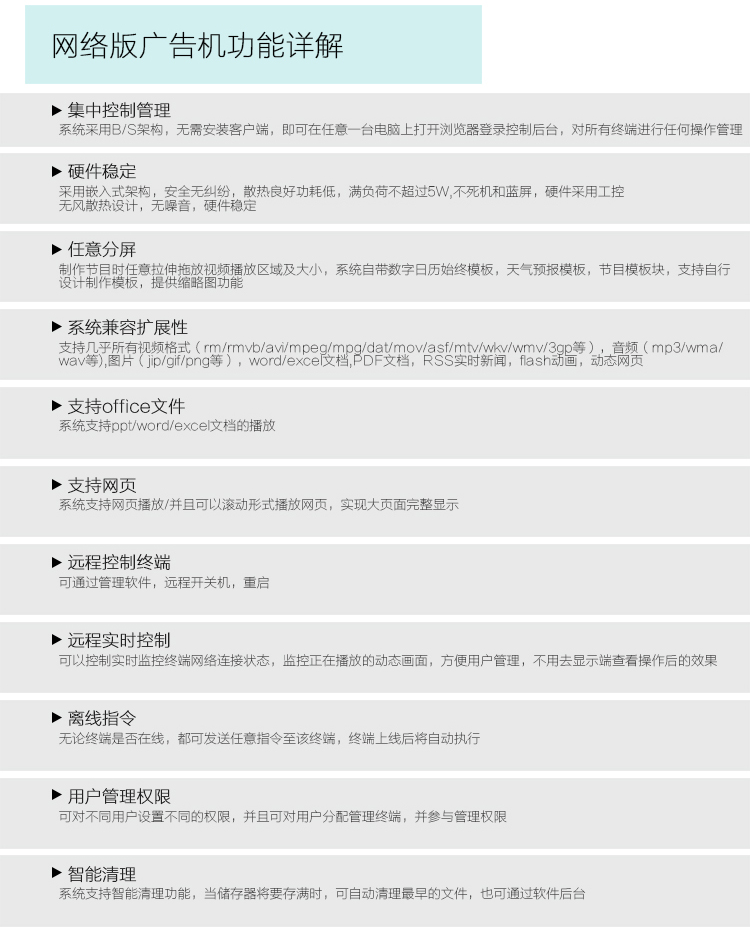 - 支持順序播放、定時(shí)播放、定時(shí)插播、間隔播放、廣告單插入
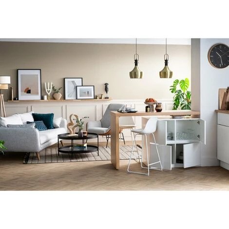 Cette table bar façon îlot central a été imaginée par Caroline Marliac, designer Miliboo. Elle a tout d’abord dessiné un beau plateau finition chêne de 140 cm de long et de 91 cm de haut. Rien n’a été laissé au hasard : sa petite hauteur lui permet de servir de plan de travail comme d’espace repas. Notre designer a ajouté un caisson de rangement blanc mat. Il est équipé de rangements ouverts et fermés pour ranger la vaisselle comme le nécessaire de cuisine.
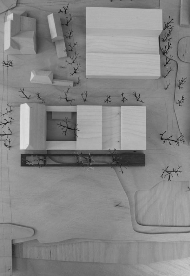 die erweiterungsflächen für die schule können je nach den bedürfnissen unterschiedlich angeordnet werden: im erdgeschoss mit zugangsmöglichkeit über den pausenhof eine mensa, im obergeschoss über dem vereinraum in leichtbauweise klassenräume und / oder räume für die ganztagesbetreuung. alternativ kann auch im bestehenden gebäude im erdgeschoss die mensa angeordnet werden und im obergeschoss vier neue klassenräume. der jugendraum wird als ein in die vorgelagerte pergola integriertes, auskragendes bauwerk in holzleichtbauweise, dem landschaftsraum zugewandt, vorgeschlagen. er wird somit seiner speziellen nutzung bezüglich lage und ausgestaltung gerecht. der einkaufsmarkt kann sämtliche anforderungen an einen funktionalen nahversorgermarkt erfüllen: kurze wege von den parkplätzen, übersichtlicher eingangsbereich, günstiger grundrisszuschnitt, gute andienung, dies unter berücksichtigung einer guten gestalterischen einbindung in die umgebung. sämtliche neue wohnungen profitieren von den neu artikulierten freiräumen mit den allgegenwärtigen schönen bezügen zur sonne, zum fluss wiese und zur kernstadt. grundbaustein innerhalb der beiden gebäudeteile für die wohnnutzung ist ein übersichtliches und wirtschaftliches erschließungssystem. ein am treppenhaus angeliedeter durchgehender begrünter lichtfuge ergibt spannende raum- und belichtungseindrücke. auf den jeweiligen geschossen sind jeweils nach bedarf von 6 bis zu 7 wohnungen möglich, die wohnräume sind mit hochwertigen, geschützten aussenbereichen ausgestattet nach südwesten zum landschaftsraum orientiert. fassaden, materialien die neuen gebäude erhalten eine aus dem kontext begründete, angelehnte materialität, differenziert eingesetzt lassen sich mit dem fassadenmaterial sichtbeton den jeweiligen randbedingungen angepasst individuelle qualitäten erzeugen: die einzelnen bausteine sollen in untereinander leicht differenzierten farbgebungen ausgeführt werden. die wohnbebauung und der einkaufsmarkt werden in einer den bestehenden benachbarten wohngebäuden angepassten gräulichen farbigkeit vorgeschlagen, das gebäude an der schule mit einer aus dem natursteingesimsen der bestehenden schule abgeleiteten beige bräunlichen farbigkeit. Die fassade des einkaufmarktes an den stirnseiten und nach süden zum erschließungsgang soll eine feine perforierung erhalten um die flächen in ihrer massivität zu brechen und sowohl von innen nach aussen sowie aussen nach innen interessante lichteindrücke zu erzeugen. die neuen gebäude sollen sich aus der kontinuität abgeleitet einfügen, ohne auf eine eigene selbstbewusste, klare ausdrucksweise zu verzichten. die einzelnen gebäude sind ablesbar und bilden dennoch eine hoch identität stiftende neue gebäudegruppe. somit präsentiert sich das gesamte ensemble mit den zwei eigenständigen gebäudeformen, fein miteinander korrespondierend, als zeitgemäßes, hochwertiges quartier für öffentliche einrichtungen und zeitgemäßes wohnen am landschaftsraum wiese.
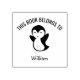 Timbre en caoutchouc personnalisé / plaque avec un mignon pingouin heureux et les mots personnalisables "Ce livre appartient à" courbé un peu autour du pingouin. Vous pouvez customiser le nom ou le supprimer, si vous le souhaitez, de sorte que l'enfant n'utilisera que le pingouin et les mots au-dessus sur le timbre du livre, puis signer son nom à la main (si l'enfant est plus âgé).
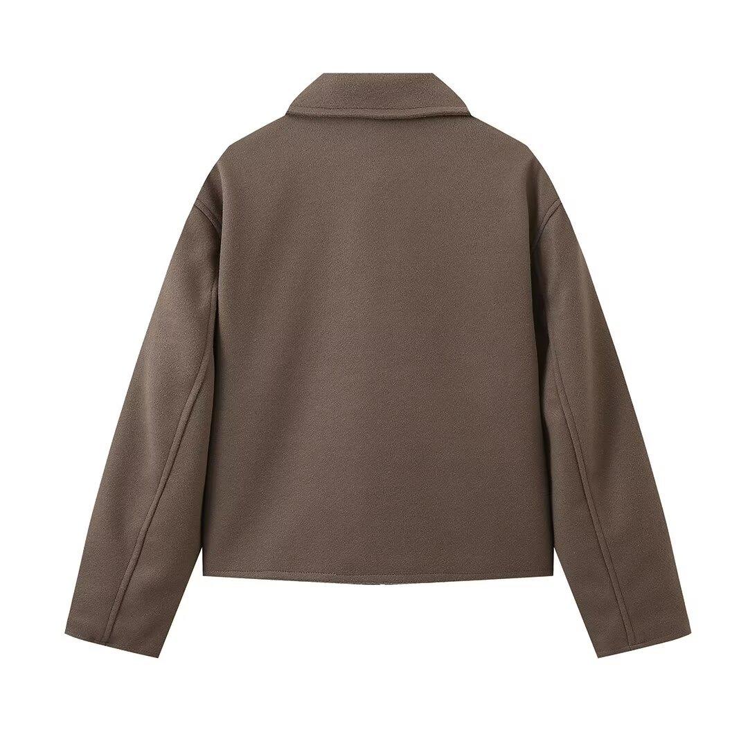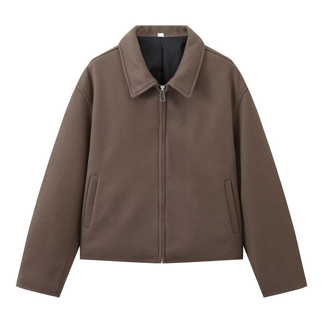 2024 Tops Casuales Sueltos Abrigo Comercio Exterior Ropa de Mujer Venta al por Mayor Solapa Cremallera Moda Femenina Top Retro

### Work request
With the images removed, reproduce all the material above word for word.

### Reply to the exercise
 - 支持順序播放、定時(shí)播放、定時(shí)插播、間隔播放、廣告單插入
 Cette table bar façon îlot central a été imaginée par Caroline Marliac, designer Miliboo. Elle a tout d’abord dessiné un beau plateau finition chêne de 140 cm de long et de 91 cm de haut. Rien n’a été laissé au hasard : sa petite hauteur lui permet de servir de plan de travail comme d’espace repas. Notre designer a ajouté un caisson de rangement blanc mat. Il est équipé de rangements ouverts et fermés pour ranger la vaisselle comme le nécessaire de cuisine.
 die erweiterungsflächen für die schule können je nach den bedürfnissen unterschiedlich angeordnet werden: im erdgeschoss mit zugangsmöglichkeit über den pausenhof eine mensa, im obergeschoss über dem vereinraum in leichtbauweise klassenräume und / oder räume für die ganztagesbetreuung. alternativ kann auch im bestehenden gebäude im erdgeschoss die mensa angeordnet werden und im obergeschoss vier neue klassenräume. der jugendraum wird als ein in die vorgelagerte pergola integriertes, auskragendes bauwerk in holzleichtbauweise, dem landschaftsraum zugewandt, vorgeschlagen. er wird somit seiner speziellen nutzung bezüglich lage und ausgestaltung gerecht. der einkaufsmarkt kann sämtliche anforderungen an einen funktionalen nahversorgermarkt erfüllen: kurze wege von den parkplätzen, übersichtlicher eingangsbereich, günstiger grundrisszuschnitt, gute andienung, dies unter berücksichtigung einer guten gestalterischen einbindung in die umgebung. sämtliche neue wohnungen profitieren von den neu artikulierten freiräumen mit den allgegenwärtigen schönen bezügen zur sonne, zum fluss wiese und zur kernstadt. grundbaustein innerhalb der beiden gebäudeteile für die wohnnutzung ist ein übersichtliches und wirtschaftliches erschließungssystem. ein am treppenhaus angeliedeter durchgehender begrünter lichtfuge ergibt spannende raum- und belichtungseindrücke. auf den jeweiligen geschossen sind jeweils nach bedarf von 6 bis zu 7 wohnungen möglich, die wohnräume sind mit hochwertigen, geschützten aussenbereichen ausgestattet nach südwesten zum landschaftsraum orientiert. fassaden, materialien die neuen gebäude erhalten eine aus dem kontext begründete, angelehnte materialität, differenziert eingesetzt lassen sich mit dem fassadenmaterial sichtbeton den jeweiligen randbedingungen angepasst individuelle qualitäten erzeugen: die einzelnen bausteine sollen in untereinander leicht differenzierten farbgebungen ausgeführt werden. die wohnbebauung und der einkaufsmarkt werden in einer den bestehenden benachbarten wohngebäuden angepassten gräulichen farbigkeit vorgeschlagen, das gebäude an der schule mit einer aus dem natursteingesimsen der bestehenden schule abgeleiteten beige bräunlichen farbigkeit. Die fassade des einkaufmarktes an den stirnseiten und nach süden zum erschließungsgang soll eine feine perforierung erhalten um die flächen in ihrer massivität zu brechen und sowohl von innen nach aussen sowie aussen nach innen interessante lichteindrücke zu erzeugen. die neuen gebäude sollen sich aus der kontinuität abgeleitet einfügen, ohne auf eine eigene selbstbewusste, klare ausdrucksweise zu verzichten. die einzelnen gebäude sind ablesbar und bilden dennoch eine hoch identität stiftende neue gebäudegruppe. somit präsentiert sich das gesamte ensemble mit den zwei eigenständigen gebäudeformen, fein miteinander korrespondierend, als zeitgemäßes, hochwertiges quartier für öffentliche einrichtungen und zeitgemäßes wohnen am landschaftsraum wiese.
 Timbre en caoutchouc personnalisé / plaque avec un mignon pingouin heureux et les mots personnalisables "Ce livre appartient à" courbé un peu autour du pingouin. Vous pouvez customiser le nom ou le supprimer, si vous le souhaitez, de sorte que l'enfant n'utilisera que le pingouin et les mots au-dessus sur le timbre du livre, puis signer son nom à la main (si l'enfant est plus âgé).
 2024 Tops Casuales Sueltos Abrigo Comercio Exterior Ropa de Mujer Venta al por Mayor Solapa Cremallera Moda Femenina Top Retro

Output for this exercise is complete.